1 2 M AGGIO 2 0 1 5 C ON VEN ZION AL IFAZI, ISABEL L A
PED IC IN I, R IC ETTE U MOR AL I - IL BIS L ASC IA U N
C OM M EN TO
di Gabriele
Ottaviani
CUPCAKES ALLA VANIGLIA E CIOCCOLATO
per 2 persone depresse
2 cucchiai di
cacao amaro
1 cucchiaio di
acqua
200 gr zucchero
semolato
di
110 g di burro
2 uova
2 cucchiaini di estratto di vaniglia
200 gr di farina
2 cucchiaini di lievito per dolci
125ml di latte
Accendete il forno a 180 gradi e ricordatevi della
sua arroventata esistenza. Stemperate il cacao
amaro con l’acqua, così da formare una crema.
Come l’arte, mettetela da parte. In una ciotola
lavorate la crema con il burro e lo zucchero.

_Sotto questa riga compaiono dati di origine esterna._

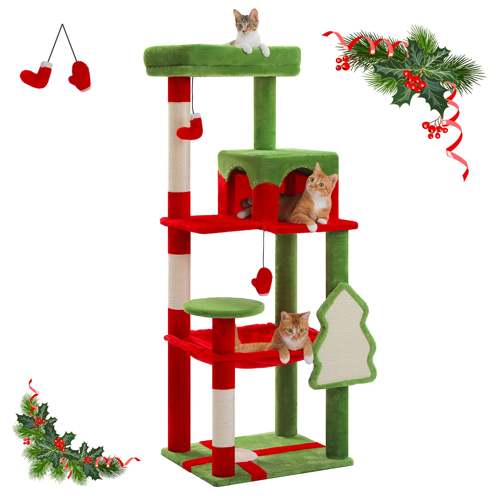 • Parque infantil interior multifuncional:Con una acogedora hamaca grande (51 cm × 41 cm), una espaciosa percha superior (30 cm × 45 cm), 3 postes para rascar, una almohadilla para rascar extraíble, 3 pompones colgantes y un condominio para gatos.Esta torre navideña para gatos satisface todas las necesidades instintiva de tu amigo peludo en un diseño festivo.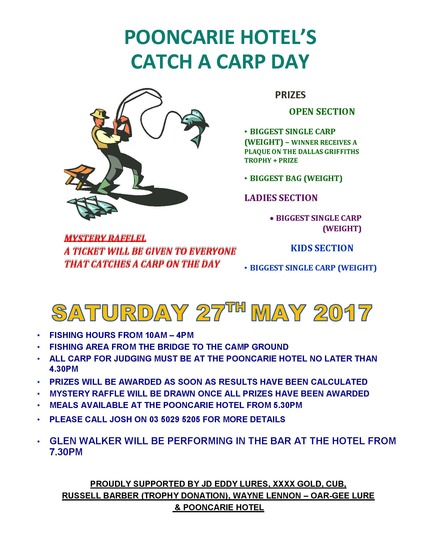 Fishing area will be from the Bridge to the Camp Gound. Open Section, Biggest Bag (weight), Kids Section Biggest single carp (weight). All carp for judging must be at the Pooncarie Hotel no later than 4.30pm. Prizes will be awarded as soon as results have been calculated. There will be a mystery raffle drawn once all prizes have been awarded. A raffle ticket will be given to everyone who cathces a carp on the day. Meals available at the Pooncarie Hotel from 5.30pm. Live music will be performed in the bar at the Pooncarie Hotel from 7.30pm. Event proudly supported by JD Eddy Lures, XXXX Gold, CUB, Russell Barber (Trophy Donation), Wayne Lennon – Oar-Gee Lures, Pooncarie Hotel.

Incorporate anche le uova, uno alla volta per
carità, e anche l’estratto di vaniglia. Stemperate
anche il vostro cattivo umore. Prendete carta e
penna. Tristezza per favore va’ via è la colonna
sonora di ogni curriculum vitae che si rispetti, o
meglio, è la musichetta che parte
automaticamente nel momento in cui si compila il
fantomatico e prestigioso modello europeo. Un
modello si aggira per l’Europa. Attenzione: a volte
si chiama “modello”, a volte “formato”. Ok, ma chi
l’ha formato? Da dove provenga e chi l’abbia
inventato è ignoto ai più, tuttavia lo spettro esiste
e si presenta come fondamentale, imprescindibile,
attraente e anche bello. Altrimenti non avrebbe
potuto fare il modello. Formato triste come me ah
ah è la seconda hit della compilazione mesta delle
tabelle. Purtroppo, tale pratica europeisticamente
spetta a tutti noi per rimediare un brandello di
lavoro;; come se, poi, l’identità di una persona
coincidesse unicamente con ciò che ha fatto e
soprattutto con ciò che è riducibile alle gabbie del
curriculum vitae. Grande ingiustizia e scarso
acume. Tutto ciò, dentro o fuori la comunità
europea, è profondamente ingiusto poiché
l’esperienza da cui si apprende non è
necessariamente quella scolastico-­lavorativa-­
aziendale. Ovviamente. La vita insegna
continuamente e senza accorgersene. L’in-­
formato, allora, oltre a ciò che abbiamo fatto,
potrebbe chiederci ciò che ci piacerebbe fare e ciò
che non faremmo mai, o domandarci quali sono i
nostri desideri e le nostre paure. Descrivere uno
stato d’animo, il nostro dolce preferito o l’oggetto
più brutto del mondo. La canzone a cui si vuole
più bene. Raccontare una storia o scrivere una
poesia. Perché non ci chiede di trascrivere a mano
il cv oppure di fare un disegno? A questo punto,
nelle celle senza finestra, andrebbero inserite
tante altre voci euro-­indispensabili: rapporto coi
farmaci, coi familiari e con le piante, vita sociale o
vita asociale, ultimo sogno fatto, importanza dei
Beatles nella propria storia personale, descrizione
del migliore amico, scarpe basse o scarpe alte,
barba e capelli, delusioni sentimentali, parola
preferita, vino bianco o vino rosso, giorno ideale,
odio per l’alluminio anodizzato. Sei innamorata?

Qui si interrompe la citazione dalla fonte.